◆ **Stored data**
┄┄┄┄┄┄
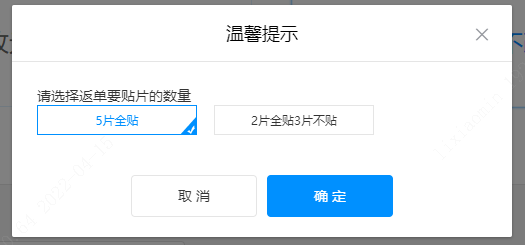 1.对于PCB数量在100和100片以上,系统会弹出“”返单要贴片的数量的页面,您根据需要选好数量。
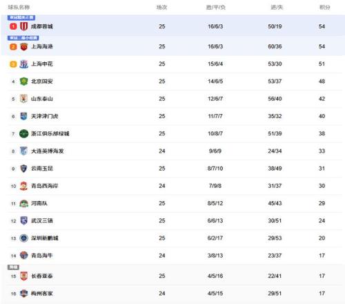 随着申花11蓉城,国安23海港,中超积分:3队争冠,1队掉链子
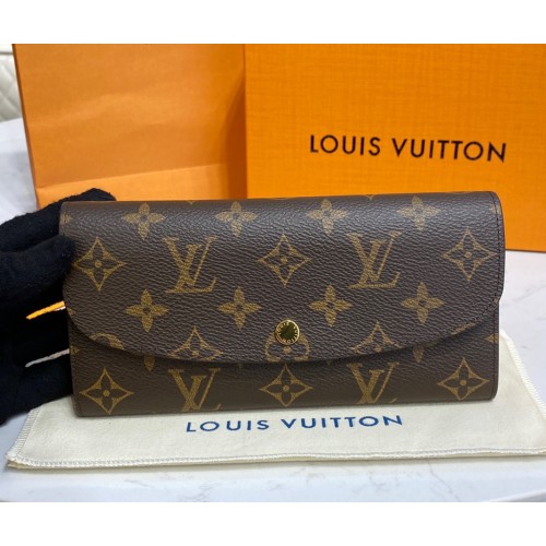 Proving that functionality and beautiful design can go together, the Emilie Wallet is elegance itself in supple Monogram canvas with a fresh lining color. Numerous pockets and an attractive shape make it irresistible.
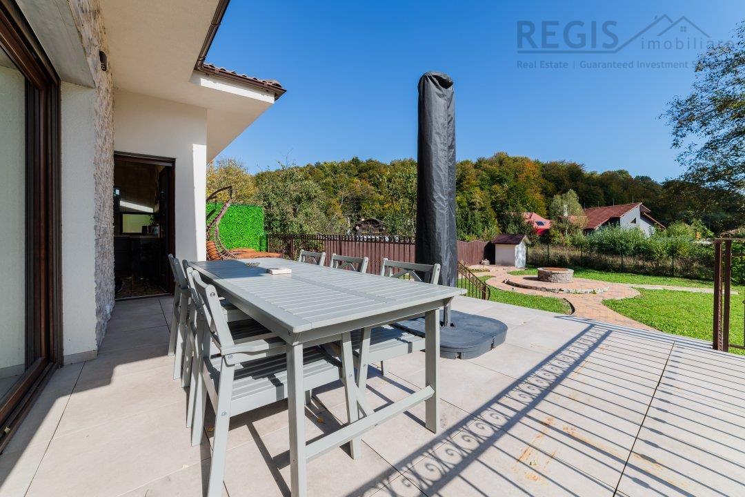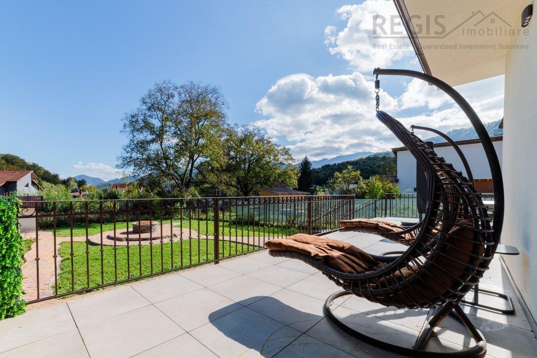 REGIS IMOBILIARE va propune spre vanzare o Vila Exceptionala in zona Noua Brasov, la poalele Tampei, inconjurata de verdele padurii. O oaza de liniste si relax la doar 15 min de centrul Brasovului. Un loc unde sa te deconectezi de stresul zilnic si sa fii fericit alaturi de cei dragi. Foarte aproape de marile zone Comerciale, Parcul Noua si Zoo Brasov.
┄┄┄┄┄┄
The entire listing above, minus its pictures, should be copied out exactly.

 1.对于PCB数量在100和100片以上,系统会弹出“”返单要贴片的数量的页面,您根据需要选好数量。
 随着申花11蓉城,国安23海港,中超积分:3队争冠,1队掉链子
 Proving that functionality and beautiful design can go together, the Emilie Wallet is elegance itself in supple Monogram canvas with a fresh lining color. Numerous pockets and an attractive shape make it irresistible.
 REGIS IMOBILIARE va propune spre vanzare o Vila Exceptionala in zona Noua Brasov, la poalele Tampei, inconjurata de verdele padurii. O oaza de liniste si relax la doar 15 min de centrul Brasovului. Un loc unde sa te deconectezi de stresul zilnic si sa fii fericit alaturi de cei dragi. Foarte aproape de marile zone Comerciale, Parcul Noua si Zoo Brasov.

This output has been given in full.